- Source data:
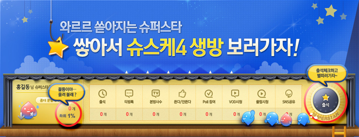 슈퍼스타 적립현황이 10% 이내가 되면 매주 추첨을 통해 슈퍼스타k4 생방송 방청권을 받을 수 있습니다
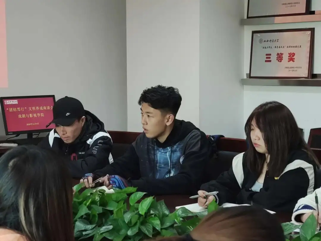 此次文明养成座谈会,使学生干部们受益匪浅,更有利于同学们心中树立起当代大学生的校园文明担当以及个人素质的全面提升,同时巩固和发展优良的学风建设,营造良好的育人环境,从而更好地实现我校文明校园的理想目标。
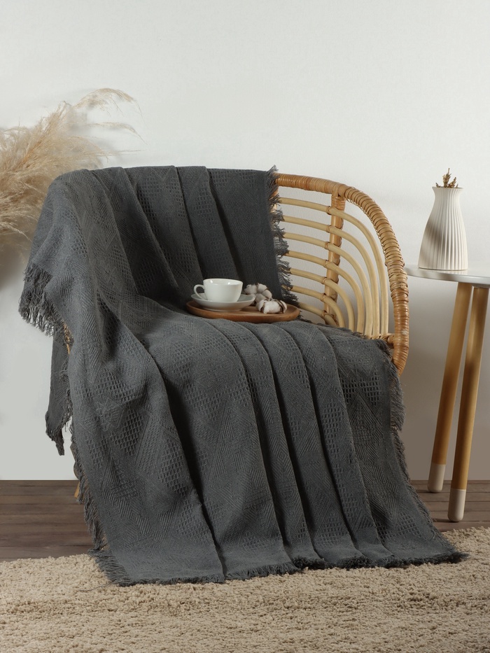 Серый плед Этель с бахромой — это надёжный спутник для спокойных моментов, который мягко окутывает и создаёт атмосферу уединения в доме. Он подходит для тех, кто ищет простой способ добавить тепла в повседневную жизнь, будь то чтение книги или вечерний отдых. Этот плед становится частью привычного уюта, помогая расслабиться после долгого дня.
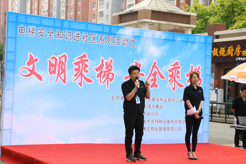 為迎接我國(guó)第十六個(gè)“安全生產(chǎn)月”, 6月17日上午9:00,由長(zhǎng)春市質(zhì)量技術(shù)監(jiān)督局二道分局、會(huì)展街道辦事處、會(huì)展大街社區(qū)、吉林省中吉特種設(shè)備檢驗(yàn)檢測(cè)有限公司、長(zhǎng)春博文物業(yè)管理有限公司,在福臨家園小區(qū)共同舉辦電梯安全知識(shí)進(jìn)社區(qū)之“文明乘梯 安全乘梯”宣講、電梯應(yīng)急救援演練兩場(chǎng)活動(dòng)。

- Work item: Would you return the whole listing exactly, without the pictures?

- Answer area:
 슈퍼스타 적립현황이 10% 이내가 되면 매주 추첨을 통해 슈퍼스타k4 생방송 방청권을 받을 수 있습니다
 此次文明养成座谈会,使学生干部们受益匪浅,更有利于同学们心中树立起当代大学生的校园文明担当以及个人素质的全面提升,同时巩固和发展优良的学风建设,营造良好的育人环境,从而更好地实现我校文明校园的理想目标。
 Серый плед Этель с бахромой — это надёжный спутник для спокойных моментов, который мягко окутывает и создаёт атмосферу уединения в доме. Он подходит для тех, кто ищет простой способ добавить тепла в повседневную жизнь, будь то чтение книги или вечерний отдых. Этот плед становится частью привычного уюта, помогая расслабиться после долгого дня.
 為迎接我國(guó)第十六個(gè)“安全生產(chǎn)月”, 6月17日上午9:00,由長(zhǎng)春市質(zhì)量技術(shù)監(jiān)督局二道分局、會(huì)展街道辦事處、會(huì)展大街社區(qū)、吉林省中吉特種設(shè)備檢驗(yàn)檢測(cè)有限公司、長(zhǎng)春博文物業(yè)管理有限公司,在福臨家園小區(qū)共同舉辦電梯安全知識(shí)進(jìn)社區(qū)之“文明乘梯 安全乘梯”宣講、電梯應(yīng)急救援演練兩場(chǎng)活動(dòng)。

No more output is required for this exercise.